9.
(V, 3, 173–174)
Пусть я скажу, что ныне слезы победили

Слезы – один из важнейших лейтмотивов этой трагедии. Здесь самые разные персонажи много плачут и много говорят о слезах, начиная со «слез счастья о возврате в Рим» Тита и «материнских рыданий» Таморы (I, 1, 79, 109), через слезы-дань и слезы радости, слезы-наказание и слезы-тщету к «горестным слезам души» человека, не плакавшего прежде.

В кульминации, в переломной сцене трагедии суровый воин Тит начинает понимать смысл слезного дара:

О, старцы благосклонные, трибуны!
Возьмите смертный приговор назад,
Пусть я, еще ни разу слез не ливший,
Скажу, что ныне слезы победили.
(III, 1, 23–26)

Но сенаторы и судьи разошлись, его никто не слышит, он взывает к камням:

                                        …и слыша,
Не вняли б мне, а если бы и вняли,
Не пожалели бы; но, хоть и тщетно,
Я должен умолять…
Вот почему я скорбь вверяю камням;
Пусть отозваться на тоску не могут,
Но лучше для меня они трибунов
Уж тем, что не прервут моих речей.
Когда я плачу, камни молчаливо
Приемлют слезы, словно плачут вместе.
(III, 1, 33–42)

В этой сцене 14 раз звучит слово «слезы», это самая «слезная» сцена трагедии. Тит готов воззвать к любой силе, которую тронут слезы:

Коль сила есть, что тронется слезами,
Взываю к ней.
(III, 1, 209–210)

Но такая сила не отзывается на его горе. Напротив, его скорби лишь умножаются: вот дочь-калека, вот сын-изгнанник, вот отрубленная рука, а вот головы двух сыновей с «неиспорченными душами».

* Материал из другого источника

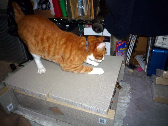 [08] 蓋をしてみたところ、早速上に載るスタッフ3号。まだ早いっつーの。ただ、PCの出来上がりに期待が持てそう。

Тит в этих монологах становится в чем-то подобен библейскому Иову. Иов склонялся в итоге перед могуществом и тайной Бога.

После пронзительной картины скорби в образе совместного плача неба, земли и моря:

Заплачет небо, – залита земля;
Вихрь забушует, – обезумев, море
Грозится небу вздувшимся челом.
А ты разумности в смятенье ищешь?
Я – море; слышишь, как оно вздыхает?
Оно, как небо, плачет; я – земля;
Меня, как море, вздох ее волнует;
Меня, как землю, слез его поток
Потопом заливает, наводняя;
Я не могу вместить его скорбей…
(III, 1, 222–231)

– Тит осушает слезы.

Отныне ему нужны глаза, чтобы «найти берлогу Мести»:

Нет больше слез, чтоб плакать, у меня.
К тому же горе – враг и завладеть
Глазами, влагой полными, желало б,
Чтоб ослепить их данью слез моих.
Но как найду тогда берлогу Мести?
Все мнится, головы мне говорят,
Грозя, что не достигну я блаженства,
Пока все злодеянья в глотки тех,
Кто учинил их, вновь не возвратятся.
(III, 1, 267–275)
«За плату – плата»: Мир дохристианской этики

Трагедия Шекспира, несомненно, жестока. В ней еще больше трупов и крови, чем в «Испанской трагедии» Т. Кида. В ней к столу матери будут подавать блюда из голов ее сыновей10. Ничего подобного не было в трагедии Кида. И все же Шекспир писал своего «Тита Андроника» вовсе не за тем, чтобы «переиродить самого Ирода», как выразился впоследствии Гамлет11.

В самом начале трагедии (I, 1) будущие участники кровавой драмы взывают к «любви» и «милости» Рима:

Марк Андроник

Вас заклинаем избежать насилья
И, отпустив друзей, в смиренье, в мире
За право состязаться как истцы. (46–48)

Бассиан

И милости народа и судьбе
Вверяю я мое избранье взвесить. (57–58)

Сатурнин

И милости, любви моей отчизны
Вверяю я избранье и себя.
Будь так же милостив ко мне, о Рим,
И справедлив, как мною ты любим! (61–64)

Тит

Хранитель Капитолия великий,
Будь милостив обрядам предстоящим! (80–81)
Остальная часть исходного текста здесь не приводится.